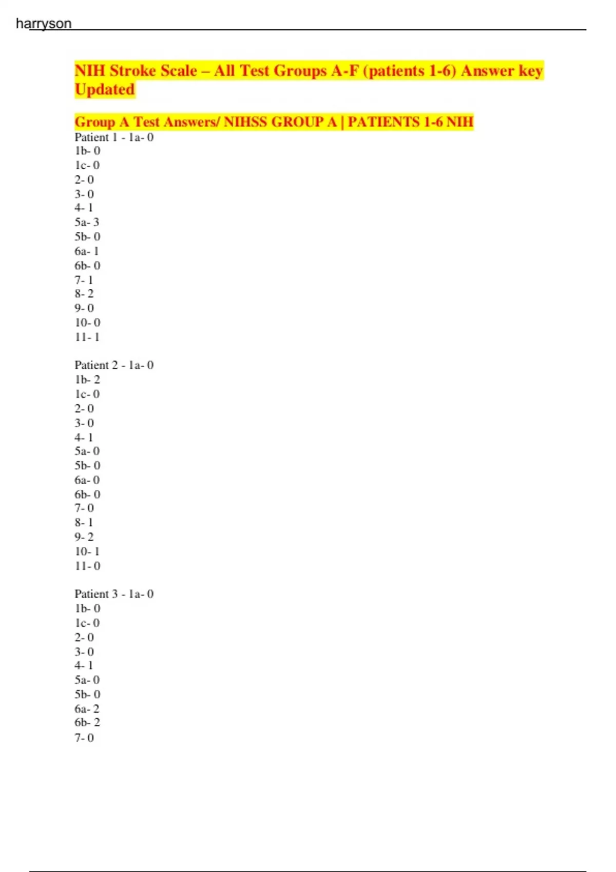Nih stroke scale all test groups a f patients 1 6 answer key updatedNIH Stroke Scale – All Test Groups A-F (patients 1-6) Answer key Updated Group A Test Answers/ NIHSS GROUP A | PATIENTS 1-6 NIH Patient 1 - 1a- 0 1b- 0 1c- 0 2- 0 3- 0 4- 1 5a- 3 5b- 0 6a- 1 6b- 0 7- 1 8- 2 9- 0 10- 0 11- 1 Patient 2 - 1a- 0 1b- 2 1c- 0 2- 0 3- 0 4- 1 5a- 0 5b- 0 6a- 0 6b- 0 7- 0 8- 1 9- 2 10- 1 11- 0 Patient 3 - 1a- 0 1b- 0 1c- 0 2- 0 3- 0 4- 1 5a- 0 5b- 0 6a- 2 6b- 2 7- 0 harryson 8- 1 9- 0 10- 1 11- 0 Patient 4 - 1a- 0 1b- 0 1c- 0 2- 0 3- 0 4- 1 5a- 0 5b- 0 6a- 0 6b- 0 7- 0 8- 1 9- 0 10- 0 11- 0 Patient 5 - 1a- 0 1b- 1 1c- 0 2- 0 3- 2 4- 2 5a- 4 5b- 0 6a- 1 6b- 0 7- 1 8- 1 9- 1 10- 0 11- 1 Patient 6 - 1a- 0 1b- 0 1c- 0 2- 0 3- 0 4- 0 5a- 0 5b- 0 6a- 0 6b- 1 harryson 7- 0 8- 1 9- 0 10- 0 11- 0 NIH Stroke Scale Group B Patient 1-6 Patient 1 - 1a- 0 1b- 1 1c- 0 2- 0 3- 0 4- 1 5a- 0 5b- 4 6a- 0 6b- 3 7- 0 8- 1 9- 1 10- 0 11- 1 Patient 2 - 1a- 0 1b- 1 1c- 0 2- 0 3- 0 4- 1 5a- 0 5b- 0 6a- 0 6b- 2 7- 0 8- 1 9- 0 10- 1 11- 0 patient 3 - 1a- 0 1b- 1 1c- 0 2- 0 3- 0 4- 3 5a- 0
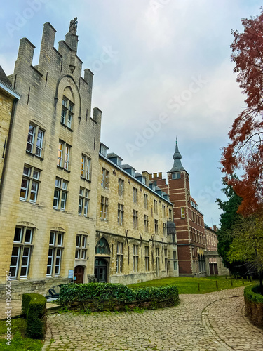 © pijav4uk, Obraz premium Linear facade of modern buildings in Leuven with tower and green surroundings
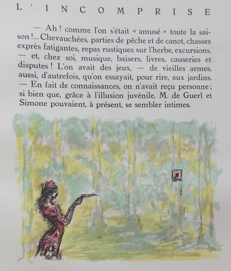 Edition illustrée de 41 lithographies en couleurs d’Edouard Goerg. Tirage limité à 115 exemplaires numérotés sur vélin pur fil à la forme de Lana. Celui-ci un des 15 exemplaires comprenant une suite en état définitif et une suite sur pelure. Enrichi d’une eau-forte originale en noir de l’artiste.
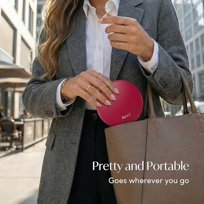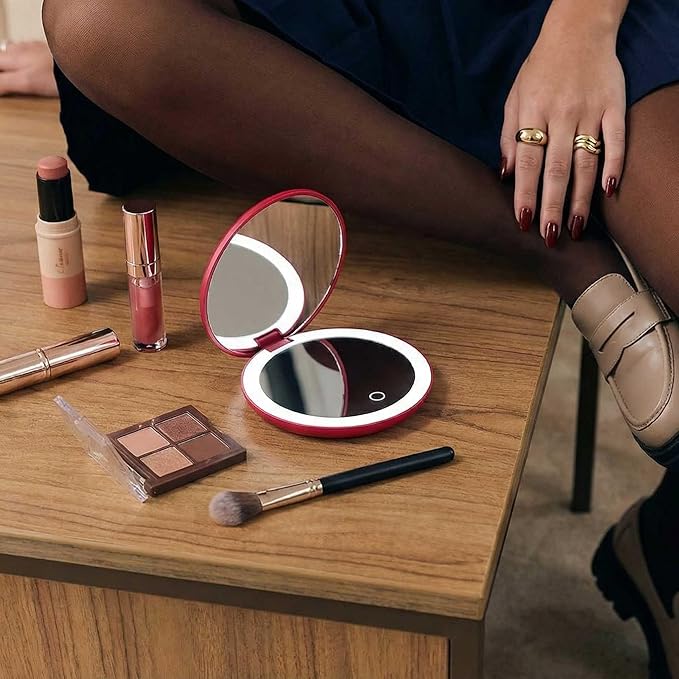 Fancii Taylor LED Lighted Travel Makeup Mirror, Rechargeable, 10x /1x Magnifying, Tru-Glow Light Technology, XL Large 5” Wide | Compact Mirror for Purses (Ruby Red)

※ ※ ※

If the listing above includes images, copy every line of it exactly except those images.

- Task output
Nih stroke scale all test groups a f patients 1 6 answer key updatedNIH Stroke Scale – All Test Groups A-F (patients 1-6) Answer key Updated Group A Test Answers/ NIHSS GROUP A | PATIENTS 1-6 NIH Patient 1 - 1a- 0 1b- 0 1c- 0 2- 0 3- 0 4- 1 5a- 3 5b- 0 6a- 1 6b- 0 7- 1 8- 2 9- 0 10- 0 11- 1 Patient 2 - 1a- 0 1b- 2 1c- 0 2- 0 3- 0 4- 1 5a- 0 5b- 0 6a- 0 6b- 0 7- 0 8- 1 9- 2 10- 1 11- 0 Patient 3 - 1a- 0 1b- 0 1c- 0 2- 0 3- 0 4- 1 5a- 0 5b- 0 6a- 2 6b- 2 7- 0 harryson 8- 1 9- 0 10- 1 11- 0 Patient 4 - 1a- 0 1b- 0 1c- 0 2- 0 3- 0 4- 1 5a- 0 5b- 0 6a- 0 6b- 0 7- 0 8- 1 9- 0 10- 0 11- 0 Patient 5 - 1a- 0 1b- 1 1c- 0 2- 0 3- 2 4- 2 5a- 4 5b- 0 6a- 1 6b- 0 7- 1 8- 1 9- 1 10- 0 11- 1 Patient 6 - 1a- 0 1b- 0 1c- 0 2- 0 3- 0 4- 0 5a- 0 5b- 0 6a- 0 6b- 1 harryson 7- 0 8- 1 9- 0 10- 0 11- 0 NIH Stroke Scale Group B Patient 1-6 Patient 1 - 1a- 0 1b- 1 1c- 0 2- 0 3- 0 4- 1 5a- 0 5b- 4 6a- 0 6b- 3 7- 0 8- 1 9- 1 10- 0 11- 1 Patient 2 - 1a- 0 1b- 1 1c- 0 2- 0 3- 0 4- 1 5a- 0 5b- 0 6a- 0 6b- 2 7- 0 8- 1 9- 0 10- 1 11- 0 patient 3 - 1a- 0 1b- 1 1c- 0 2- 0 3- 0 4- 3 5a- 0
 © pijav4uk, Obraz premium Linear facade of modern buildings in Leuven with tower and green surroundings
 Edition illustrée de 41 lithographies en couleurs d’Edouard Goerg. Tirage limité à 115 exemplaires numérotés sur vélin pur fil à la forme de Lana. Celui-ci un des 15 exemplaires comprenant une suite en état définitif et une suite sur pelure. Enrichi d’une eau-forte originale en noir de l’artiste.
 Fancii Taylor LED Lighted Travel Makeup Mirror, Rechargeable, 10x /1x Magnifying, Tru-Glow Light Technology, XL Large 5” Wide | Compact Mirror for Purses (Ruby Red)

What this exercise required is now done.